Hateful Messages: A Conversational Data Set of Hate Speech produced by Adolescents on Discord
Jan Fillies, Silvio Peikert, Adrian Paschke

TL;DR
This paper introduces a new annotated dataset of youth language hate speech from Discord, aiming to improve automated classification by addressing biases related to adolescent speech patterns.
Contribution
It provides a modern, anonymized dataset of 88,395 chat messages with hate speech annotations and age labels, focusing on youth language bias in hate speech detection.
Findings
6.42% of messages identified as hate speech
Average user age under 20 years
Dataset enhances understanding of youth language bias
Abstract
With the rise of social media, a rise of hateful content can be observed. Even though the understanding and definitions of hate speech varies, platforms, communities, and legislature all acknowledge the problem. Therefore, adolescents are a new and active group of social media users.

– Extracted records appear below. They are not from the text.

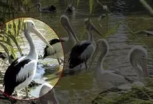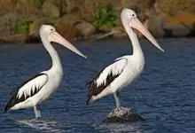 澳大利亚鹈鹕是一种大型涉禽,体重达13千克。生活于沿海及河川、湖泊等处。飞行力强而悠逸,常群飞群栖,极善于游泳,但不会潜水。游泳时张口捕鱼,将捕得的鱼兜入喉囊内。有时结群,排成长线,…全部>>
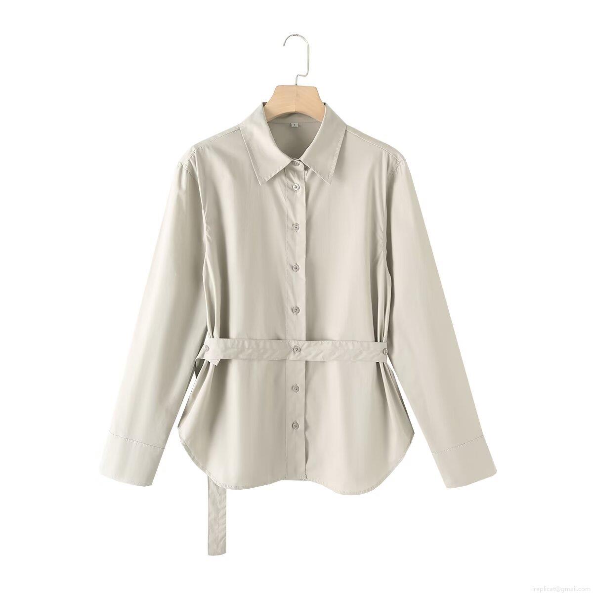 Women's 100% Cotton Poplin Shirt With Waist Tie Belt Long Sleeve Button Down Blouse Minimalist Office Streetwear Casual Solid Top
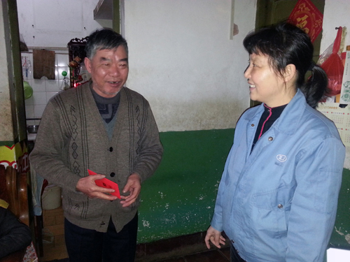 2015年2月10日,市總工會副主席黃躍秋一行在公司工會常務副主席洪麗玲、女工委副主任何碧珠的陪同下到公司員工劉燕琴家中走訪慰問。黃躍秋副主席與劉燕琴親切交談,詳細了解她的身體康復情況及家庭生活狀況并帶去新春祝福,洪麗玲也代表公司工會送上節日祝福,劉燕秋對市總工會及公司的關心表示感謝,并表示身體康復情況不錯,希望能早日回到工作崗位。
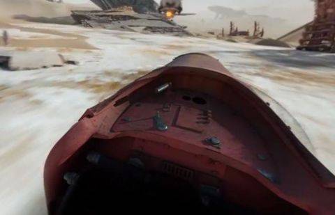 Первым роликом подобного типа стал трейлер из "Звездных войн". Как сообщает Lenta.ru, он показывает эпизод из готовящегося к выходу фильма "Звездные войны: Пробуждение силы". Отмечается, что наблюдать за происходящим из кабины транспортного средства можно в любом направлении.
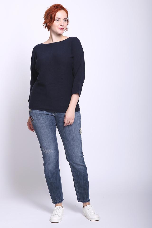 Вырез горловины – лодочка, что делает модель элегантной и женственной. Пуловер идеально подходит для создания повседневных и деловых образов. Он легко сочетается с джинсами, брюками или юбками.
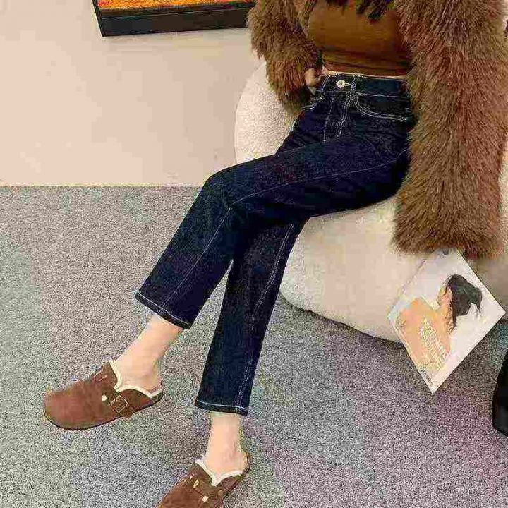 韩版百搭深蓝色宽松烟管牛仔裤,[爱心]40件左右,码数M-2XL,没有L码,穿80-140斤,万佳档口货,原包装️无瑕疵,[666]实体店品质
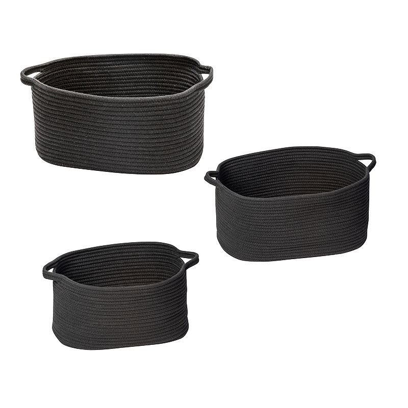Honey-Can-Do Set of 3 Black Cotton Coil Storage Basket SetKeep your house organized and clutter free, thanks to all of the orginizational pieces from Honey-Can-Do. Keep your house organized and clutter free, thanks to all of the orginizational pieces from Honey-Can-Do. Weight capacity: (Large) 47-lbs., (Small/Medium) 22-lbs. Set nests so bins can stack when not in useWHAT'S IHoney-Can-Do

The majority of adolescents experience or witness online hate speech. Research in the field of automated hate speech classification has been on the rise and focuses on aspects such as bias, generalizability, and performance. To increase generalizability and performance, it is important to understand biases within the data. This research addresses the bias of youth language within hate speech classification and contributes by providing a modern and anonymized hate speech youth language data set consisting of 88.395 annotated chat messages. The data set consists of publicly available online messages from the…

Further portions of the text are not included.